По отношению к Царю, а особенно к Царице он был сдержан в выражениях, но сквозь них просвечивало чувство неприязни к Государыне. На мой упрёк в том, что в развернувшихся событиях интеллигенция винит великих князей, боявшихся потерять свои права и мешавших Государю подписать конституцию, он горячо уверял, что все они неоднократно упрашивали Государя дать своё согласие на принятие конституции.

— Ведь нас не принимали, нас выселяли из Петрограда, как, например, моего брата Николая Михайловича, за слишком настойчивые советы пойти на уступки, равно как и за советы устранить Распутина.

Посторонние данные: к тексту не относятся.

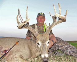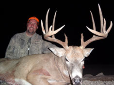 WHITETAILS Big Buck Outfitters, Inc. areas hold lots and lots of whitetails. A hunter should expect to see hundreds of deer on a hunt, sometimes in a single field in a single evening. The average whitetail scores130 to 150. The largest whitetail harvested in the past was over 190. Big Buck Outfitters, Inc. targets whitetail bucks in the 4- to 6-year range. Most mature bucks have an extra point or two, with drop tines and split tines not uncommon. Big Buck Outfitters, Inc. is confident that on a standard hunt every client should see whitetail bucks in the 120- to 150-class range.

Сергей Михайлович избегал говорить о Распутине и только раз сказал:

— Не верьте всему, что говорилось о его близости к Царице и дочерям. Всё это вздор. Такой же вздор и то, что Государь — пьяница. Я знаю его с юных лет и могу чем угодно поклясться, что ни разу не видал Николая Александровича пьяным. Да, он пил, но пил весьма умеренно. Всё это ложные слухи, распускаемые революционерами с целью дискредитировать Царскую семью.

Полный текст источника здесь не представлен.